Chris Leslie made an important follow-up clarification:

Long waiting lists matter because they are also the lifeblood of the private medical industry. We need only look at the advertising slogans of many private medical insurers to see how people with promises of “speedy service” and “getting your health situation sorted out quickly”. This, however, can happen in the context of NHS hospitals.

What we must do is ensure that we put the needs of NHS patients first. My worry about removing the private patient cap is that it changes the incentives relating to how the foundation trusts will work, putting revenue generation ahead of patient treatment. The allure of revenue will, of course, be there, but keeping waiting lists high is, in a sense, part of ensuring that revenue continues to come in. I want to see trusts focused absolutely and completely on reducing waiting times.

Social work thought leaders, only in America?

September 7th, 2011 by Malcolm Payne


And just so you don’t think I only go on about what the government does, I’ll say something about social work next. I looked at the NCPC and Help the Hospices websites to find something to write about there, but they all seem to have been on holiday. I hope that doesn’t stimulate a response from either or both telling me about loads of things they’ve done recently; it’s not obvious from the websites, guys.

You’ll have gathered that I have not been on holiday. It’s the conference season, and I have five lectures and two papers to give this month, which is why posts from me have been hard to find recently. In preparation, I’ve been looking at a book published (in America) for the ‘Global partnership for transformative social work practice, education, and inquiry’. Sounds great until you realise that it has two papers not from north America, both from senior white academics, Nigel Parton from the UK and Mel Gray from Australia, previously South Africa. Both significant ‘thought leaders’ but hardly signifying a ‘global partnership’ (Sorry about that, it’s a new bit of jargon I’ve found in an American book review).

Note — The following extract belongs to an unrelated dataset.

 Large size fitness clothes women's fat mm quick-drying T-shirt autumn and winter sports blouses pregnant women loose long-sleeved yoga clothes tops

You have to wonder whether the Americans have found Africa, Asia and Latin America yet, in spite of the claim of their educational validating body (CSWE) that social work courses in the US have a ‘global perspective’ and the proliferation of American texts on some variety of international social work.

I won’t dignify the book by a citation. Perhaps they need to recognise that there are some thought leaders elsewhere in the world.

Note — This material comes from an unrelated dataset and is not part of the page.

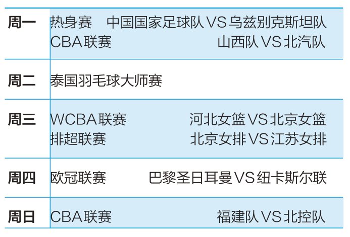 根据乌兹别克斯坦足协的官方消息,中国男足将在今天与乌兹别克斯坦国家队进行封闭热身赛。U23国 足在亚洲杯决赛上4球败于日本队,让球迷清楚地看到中国足球与亚洲顶流的差距。新一届中国男足正 在起步,更需要来自全社会的支持。本报记者 安然 上周在"京城德比"中落败的北汽男篮,本周内将继续一周三赛,分别是今天客场对山西队、周三客场对 天津队,周日主场对青岛队。从赛季之初的高歌猛进到现在的步履维艰,北汽男篮高开低走的时刻,不 仅考验球队上下,也考验着球迷们对球队的忠诚度。 北控男篮和首钢园女篮情况同样不算乐观,本周内这两支球队也将分别迎战强敌。本赛季的北京职业篮 球,正处于艰难之中。 | 居一 | | 热身赛 中国国家足球队 VS 乌兹别克斯坦队 | | --- | --- | --- | | | CBA联赛 | 山西队 VS 北汽队 | | 周二 | 泰国羽毛球大师赛 | | | 間三 | WCBA联赛 | 河北女篮VS北京女篮 | | | 排超联赛 | 北京女排 VS 江苏女排 | | 周四 | 欧冠联赛 | 巴黎圣日耳曼VS 纽卡斯尔联 | | 間日 | CBA联赛 | 福建队 VS 北控队 | ...

‘Best value’ guidance does its least to support voluntary organisations

September 7th, 2011 by Malcolm Payne


The Department of Communities and Local Government caught my eye by issuing its ‘best value document’, even though it’s in auterity black and white, having chopped a load of lengthy documents from the previous government. This tells us that if local authorities want to cut voluntary organisations they should consult them early, give them three months notice of the actual cut and incorporate their ’social value’ in their decision. It mentions the national and local compacts, which regular readers know I think aren’t worth the paper the government emailed them on.

This is the definition of ’social value’:

…social value is about seeking to maximise the additional benefit that can be created by procuring or commissioning goods and services, above and beyond the benefit of merely the goods and services themselves.

Under the page on objectives (actually there’s 100% more on their objectives and 50% more on a smarmy message from the Minister than the actual text of the guidance) it says:

We want to encourage public agencies and civil society to collaborate more, including greater involvement for voluntary and community organisations…

None of which leads me to believe that anyone commissioning anything from government will think of anything other than the financial interests of their own organisation. I wonder what the NHS policy is.